What to work on - From the entries below, reproduce exactly the line containing "Комплектация: ведро с", the line containing "Sexy bartender bottle", and every line in between, with nothing added.

Given records -
◆ ◆ ◆
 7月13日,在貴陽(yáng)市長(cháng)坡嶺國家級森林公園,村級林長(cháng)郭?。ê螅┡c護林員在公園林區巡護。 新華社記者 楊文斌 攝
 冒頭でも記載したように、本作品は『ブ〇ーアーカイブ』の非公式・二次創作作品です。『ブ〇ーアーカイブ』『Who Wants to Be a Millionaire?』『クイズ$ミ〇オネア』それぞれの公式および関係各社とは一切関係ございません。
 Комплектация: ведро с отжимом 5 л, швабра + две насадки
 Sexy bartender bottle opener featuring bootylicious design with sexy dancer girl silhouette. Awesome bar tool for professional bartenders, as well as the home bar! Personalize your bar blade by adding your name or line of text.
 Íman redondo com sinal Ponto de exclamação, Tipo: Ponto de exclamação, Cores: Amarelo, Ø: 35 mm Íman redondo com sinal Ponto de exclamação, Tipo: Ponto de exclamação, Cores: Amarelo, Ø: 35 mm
◆ ◆ ◆
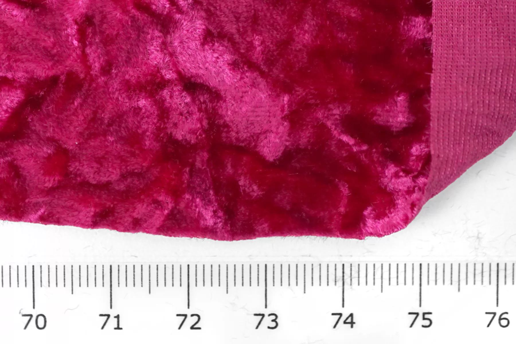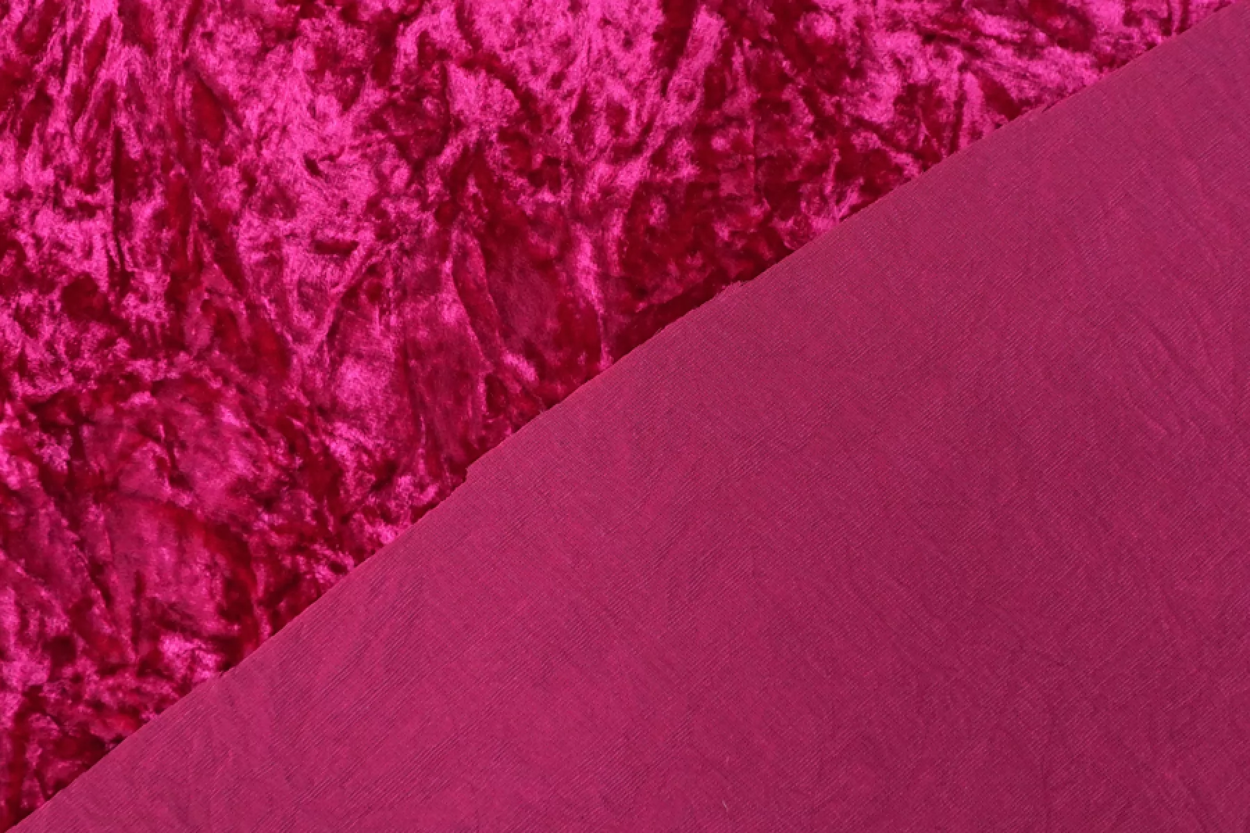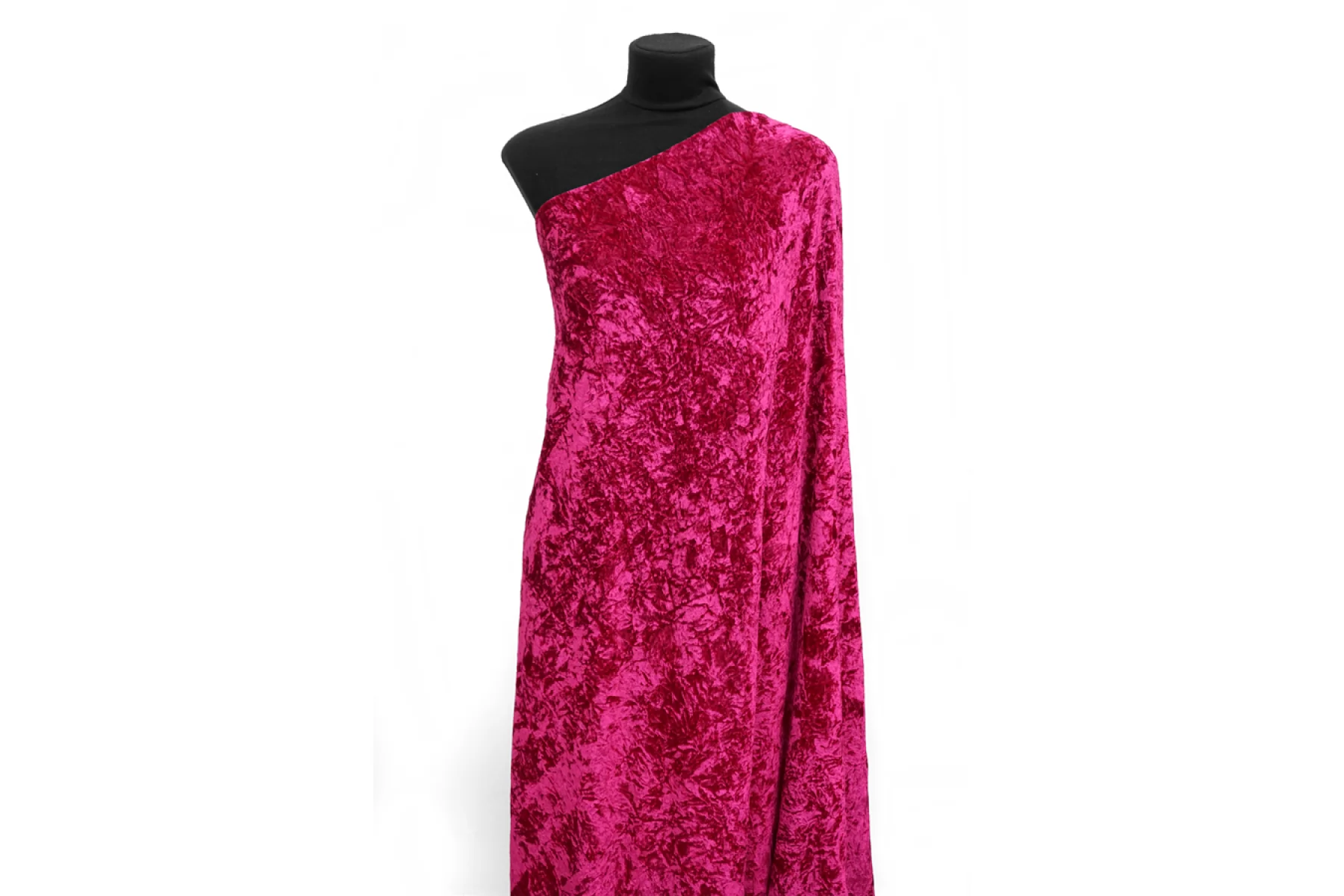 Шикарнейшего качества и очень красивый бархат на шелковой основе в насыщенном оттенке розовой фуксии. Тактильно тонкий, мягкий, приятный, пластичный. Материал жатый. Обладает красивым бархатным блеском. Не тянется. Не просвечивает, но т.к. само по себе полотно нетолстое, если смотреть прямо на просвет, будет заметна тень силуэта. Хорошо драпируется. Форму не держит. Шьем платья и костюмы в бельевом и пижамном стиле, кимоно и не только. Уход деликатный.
◆ ◆ ◆
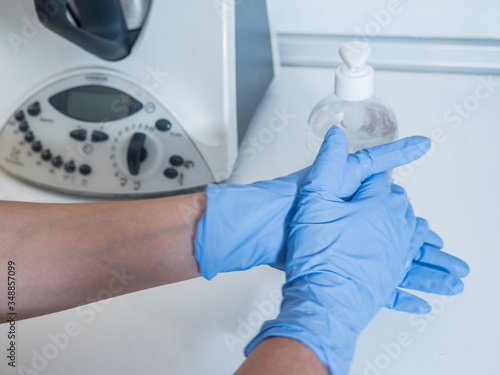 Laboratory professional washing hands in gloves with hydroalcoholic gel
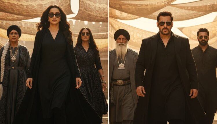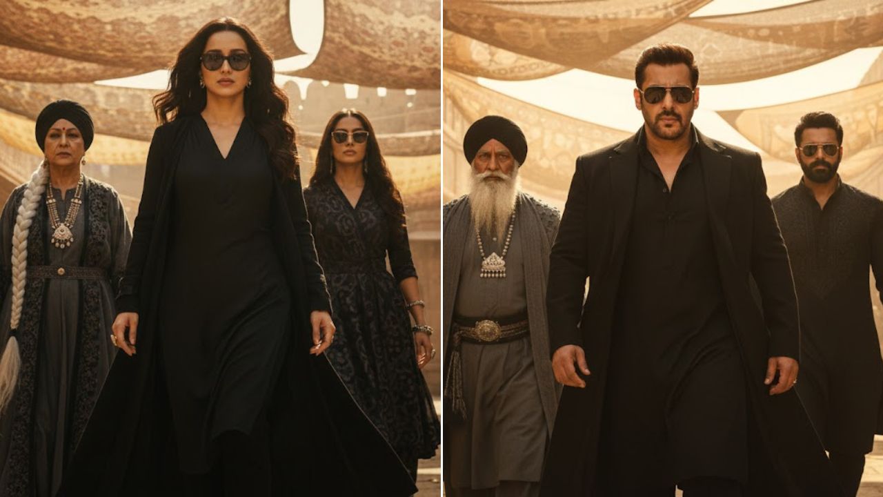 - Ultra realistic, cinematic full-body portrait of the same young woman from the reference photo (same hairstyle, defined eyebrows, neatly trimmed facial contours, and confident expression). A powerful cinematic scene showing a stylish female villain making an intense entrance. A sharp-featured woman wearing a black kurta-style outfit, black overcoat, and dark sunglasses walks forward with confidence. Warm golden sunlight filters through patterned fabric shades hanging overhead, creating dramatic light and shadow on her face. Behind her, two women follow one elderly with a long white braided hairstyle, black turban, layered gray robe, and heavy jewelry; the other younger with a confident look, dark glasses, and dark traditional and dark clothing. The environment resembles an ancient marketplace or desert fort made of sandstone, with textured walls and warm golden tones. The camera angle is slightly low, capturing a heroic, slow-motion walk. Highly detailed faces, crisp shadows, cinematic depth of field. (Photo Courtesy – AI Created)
◆ ◆ ◆
Your response -
 Комплектация: ведро с отжимом 5 л, швабра + две насадки
 Sexy bartender bottle opener featuring bootylicious design with sexy dancer girl silhouette. Awesome bar tool for professional bartenders, as well as the home bar! Personalize your bar blade by adding your name or line of text.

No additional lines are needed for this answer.